# Input material
--

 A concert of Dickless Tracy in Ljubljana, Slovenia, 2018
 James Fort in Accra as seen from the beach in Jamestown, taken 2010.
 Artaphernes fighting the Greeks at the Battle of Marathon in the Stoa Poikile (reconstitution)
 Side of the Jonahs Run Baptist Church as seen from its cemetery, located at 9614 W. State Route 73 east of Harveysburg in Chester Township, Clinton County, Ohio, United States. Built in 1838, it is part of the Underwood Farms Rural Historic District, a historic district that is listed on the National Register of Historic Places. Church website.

--

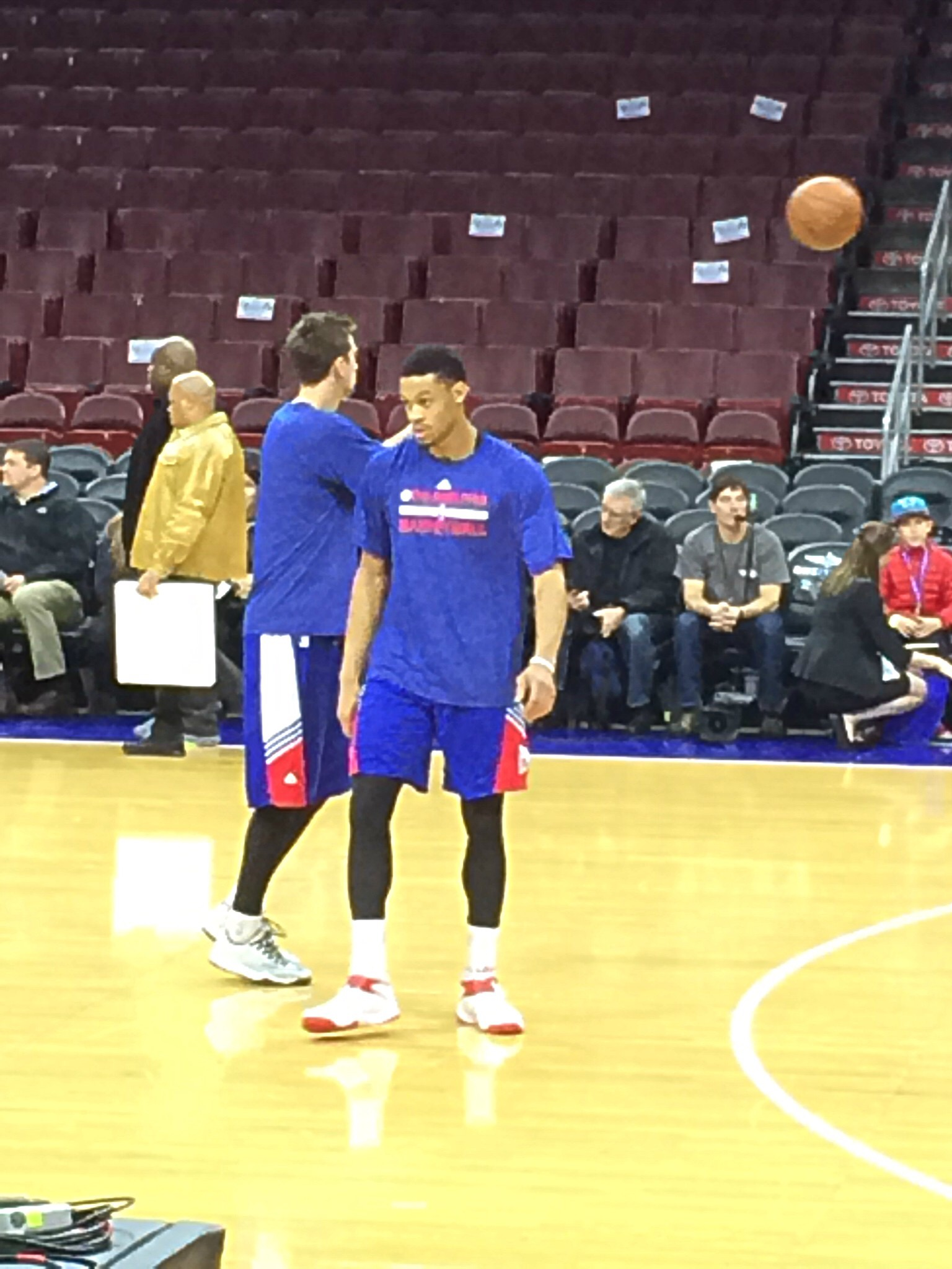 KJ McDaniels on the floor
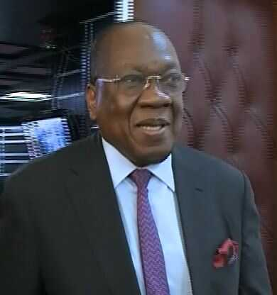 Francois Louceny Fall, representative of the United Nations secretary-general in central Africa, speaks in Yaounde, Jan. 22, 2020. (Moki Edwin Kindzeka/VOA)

--

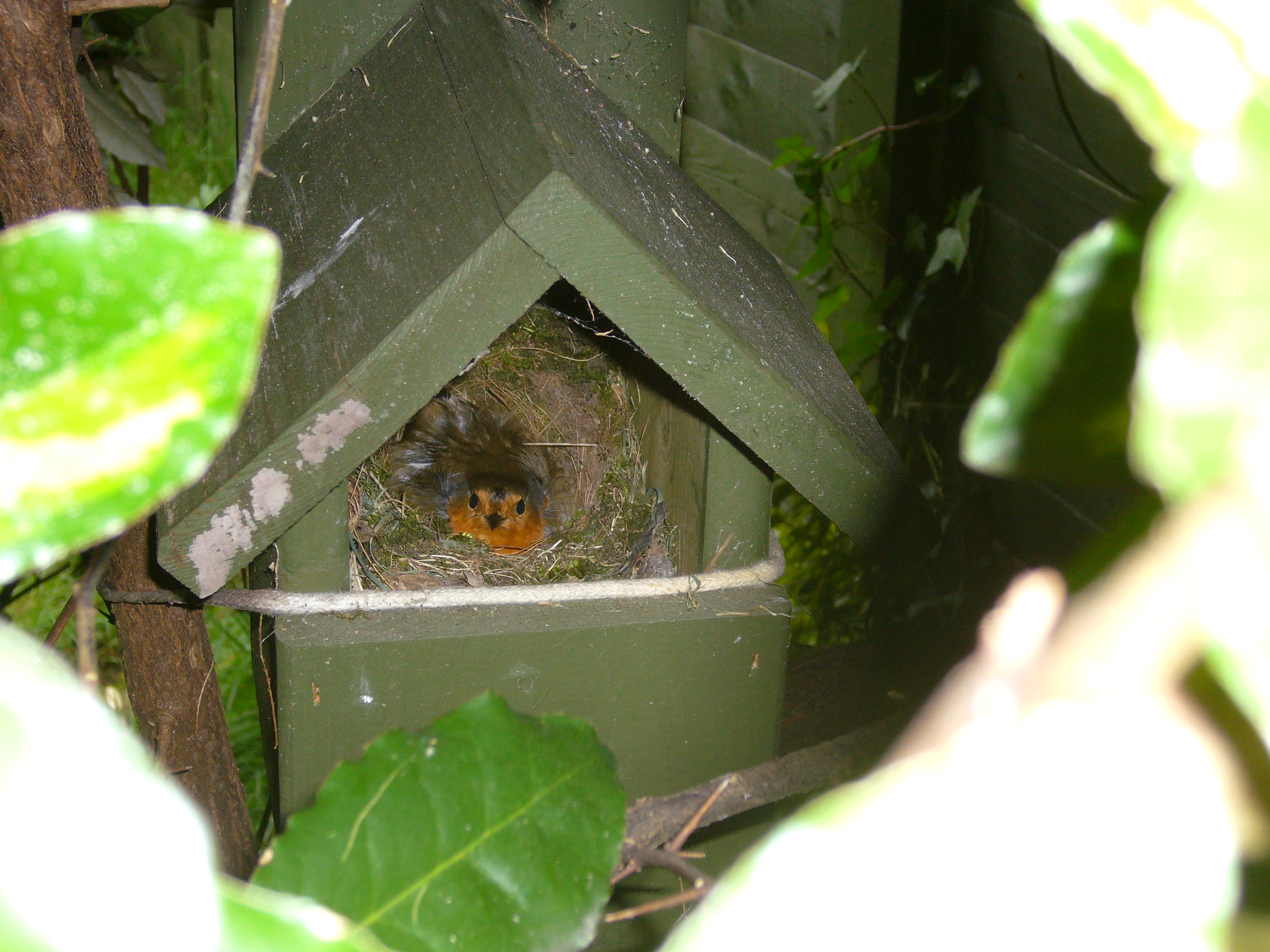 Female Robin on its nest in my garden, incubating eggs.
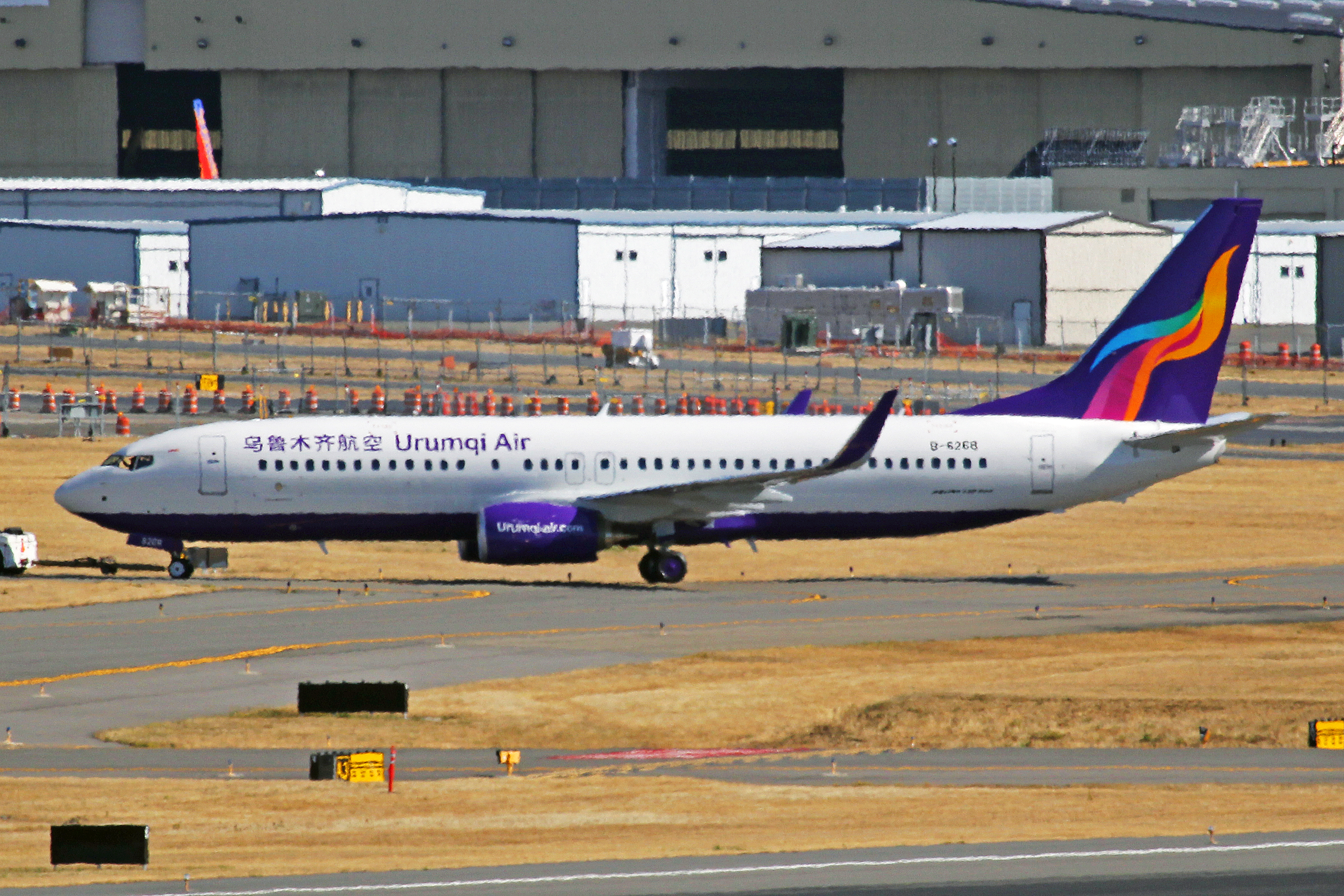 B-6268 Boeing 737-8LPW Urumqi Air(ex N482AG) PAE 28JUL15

--

# The problem
Take each line from the preceding material that contains "seen" and copy it.

# Written response
 James Fort in Accra as seen from the beach in Jamestown, taken 2010.
 Side of the Jonahs Run Baptist Church as seen from its cemetery, located at 9614 W. State Route 73 east of Harveysburg in Chester Township, Clinton County, Ohio, United States. Built in 1838, it is part of the Underwood Farms Rural Historic District, a historic district that is listed on the National Register of Historic Places. Church website.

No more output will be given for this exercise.